Der bekannte Astrologe und langjährige DAV-Vorsitzende Christoph Schubert Weller sieht in diesem Grundsatz – oder auch Paradigma – den großen Erfolg der Astrologie. Dabei möchte er jedoch nicht stehen bleiben, sondern er wartet gleich zu Beginn mit einer provokanten These auf: „Zukunft ist sowohl das tägliche Arbeitsfeld, als auch ein Gesamtsinn aller Astrologie. Und darum ist es recht seltsam dass so gut wie niemand nach der Zukunft der Astrologie fragt“.
Schubert-Weller schränkt zwar ein: „Die Astrologie der Gegenwart ist nicht schon an der Stelle, dass sich ihr (weitgehend) geltendes psychologisches Paradigma sichtbar in Auflösung befände.

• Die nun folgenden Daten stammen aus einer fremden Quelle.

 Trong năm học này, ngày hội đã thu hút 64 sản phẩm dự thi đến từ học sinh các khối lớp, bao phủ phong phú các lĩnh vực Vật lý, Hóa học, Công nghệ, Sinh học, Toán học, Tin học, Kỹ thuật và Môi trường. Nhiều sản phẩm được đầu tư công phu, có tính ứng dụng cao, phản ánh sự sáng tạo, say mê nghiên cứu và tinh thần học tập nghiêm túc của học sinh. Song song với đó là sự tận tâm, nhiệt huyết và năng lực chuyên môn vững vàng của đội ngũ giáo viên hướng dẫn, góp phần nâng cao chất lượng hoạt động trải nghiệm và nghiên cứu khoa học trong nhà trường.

Aber es gibt meiner Einschätzung nach eine Reihe von Indizien dafür, dass die Astrologie von ihrer Substanz lebt und diese demnächst aufgezehrt hat“.
Er stellt sich damit der Frage, ob es einen Paradigmenwechsel in der Astrologie geben könnte und er will einen Beitrag zur eigenen Theoriebildung leisten. Dabei taucht er tief in die Geschichte ein und stellt dar, wie es immer wieder neue Blicke, neue Perspektiven, oder eben Paradigmenwechsel der Astrologie gegeben hat, wie Orakel und Wahrsagung aufgeklärteren Zugängen gewichen sind, die die persönliche Freiheit betont haben. Er führt aus, wie neue Deutungsansätze oder Häusersysteme integriert wurden und die Aussagekraft astrologischer Ausführungen deutlich erweitert haben. Dabei stellt sich der Autor auch den Herausforderungen der Gegenwart, bis hin zum Umgang der Astrologie mit künstlicher Intelligenz.

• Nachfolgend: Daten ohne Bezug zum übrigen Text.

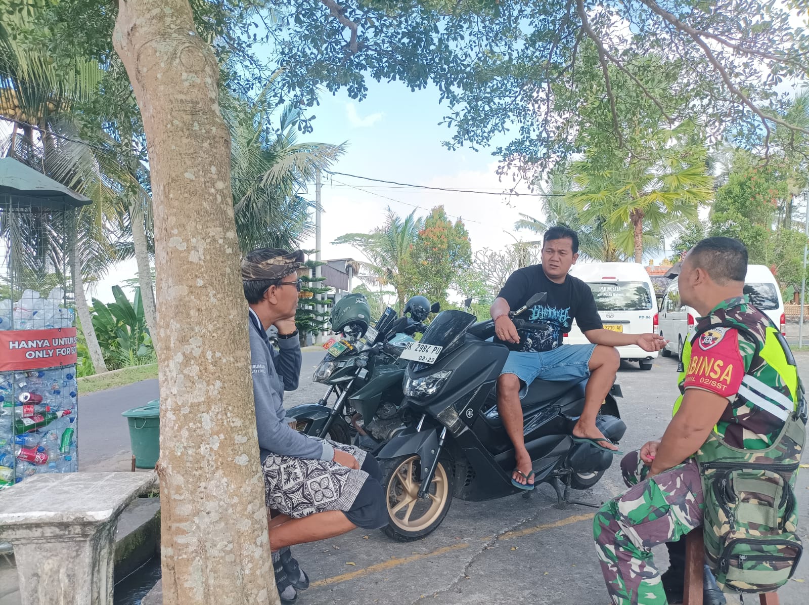 Kegiatan Komsos ini berlangsung di area parkiran Obyek Wisata Tibumana, di mana Babinsa berinteraksi dengan warga yang bertugas menjaga keamanan di lokasi tersebut. Dalam kesempatan itu, ia memberikan imbauan dan sosialisasi mengenai pentingnya menjaga situasi keamanan dan ketertiban masyarakat (kamtibmas), terutama di tempat yang ramai dikunjungi wisatawan.

Die Ausführungen zeigen ein umfassendes, tiefes Wissen des Autors zu den unterschiedlichen astrologischen, aber auch kulturhistorischen und philosophischen Entwicklungen.

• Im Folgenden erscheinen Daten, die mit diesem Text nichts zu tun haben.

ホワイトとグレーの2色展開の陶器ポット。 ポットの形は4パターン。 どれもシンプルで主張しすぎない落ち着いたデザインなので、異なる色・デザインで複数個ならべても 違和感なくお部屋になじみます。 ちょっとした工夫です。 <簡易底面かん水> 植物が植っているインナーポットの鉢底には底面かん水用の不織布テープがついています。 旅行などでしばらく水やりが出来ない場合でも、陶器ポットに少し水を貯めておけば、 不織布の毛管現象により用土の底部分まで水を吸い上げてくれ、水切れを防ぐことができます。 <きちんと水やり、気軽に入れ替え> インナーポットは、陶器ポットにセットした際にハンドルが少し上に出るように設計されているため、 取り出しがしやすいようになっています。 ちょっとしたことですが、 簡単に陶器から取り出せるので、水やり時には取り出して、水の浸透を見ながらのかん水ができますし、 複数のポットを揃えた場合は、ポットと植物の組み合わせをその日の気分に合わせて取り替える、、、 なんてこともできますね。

Was den Paradigmenwechsel tatsächlich angeht, so will er mehr diskutieren und anregen, als klare Botschaften versenden. Immerhin behauptet Schubert Weller: „Die entscheidenden Blickumstellungen wird es in der Mundanastrologie geben. Deren Aufschwung ist mit dem Aufschwung des Wassermann-Äons zu erwarten. Noch stehen wir an dessen Beginn und erleben dessen Kinderkrankheiten nämlich die ungehemmte und zugleich verlogene Betonung von sogenannter Freiheit von Individualismus… Im Wassermannzeitalter dürfte es um das richtige, das lebensvolle, empathische und solidarische Verhältnis von Individualität und Kollektiv gehen… Zu erwarten ist, dass die Mundanastrologie als eine Astrologie des Kollektivs aufgebaut wird…“
Zugegeben, wenn es um das Wassermannzeitalter geht, kann der Rezensent nicht folgen. Gehen wir davon aus, dass der Frühlingspunkt durch die Präzession der Erdachse heute bei 5 Grad Fische liegt (Ayanamsa), ist das Fische-Zeichen weitgehend durchschritten. Bei den kosmischen Dimensionen des großen platonischen Weltenjahres entsprechen die letzten fünf Grad des Fische-Zeitalters allerdings noch 350 Jahren, eine Spanne die niemand von uns auch nur ansatzweise in diesem Leben überblicken kann; ganz abgesehen von einer allgemeinen Überschätzung der Werte des Wassermannzeitalters, die an dieser Stelle allerdings nicht diskutiert werden soll. (Siehe die Diskussion in Meridian 6/20).
Trotz dieser Einschränkung ist das vorliegende Werk ein großartiger Beitrag zur Theorie-Diskussion innerhalb der Astrologie, der aufgegriffen und fortgesetzt werden sollte.
Christoph Schubert-Weller: Die Zukunft der Sterndeutung. Steht die Astrologie vor einem Paradigmenwechsel? Chiron-Verlag, Tübingen 2022, 203 Seiten, 22,- €.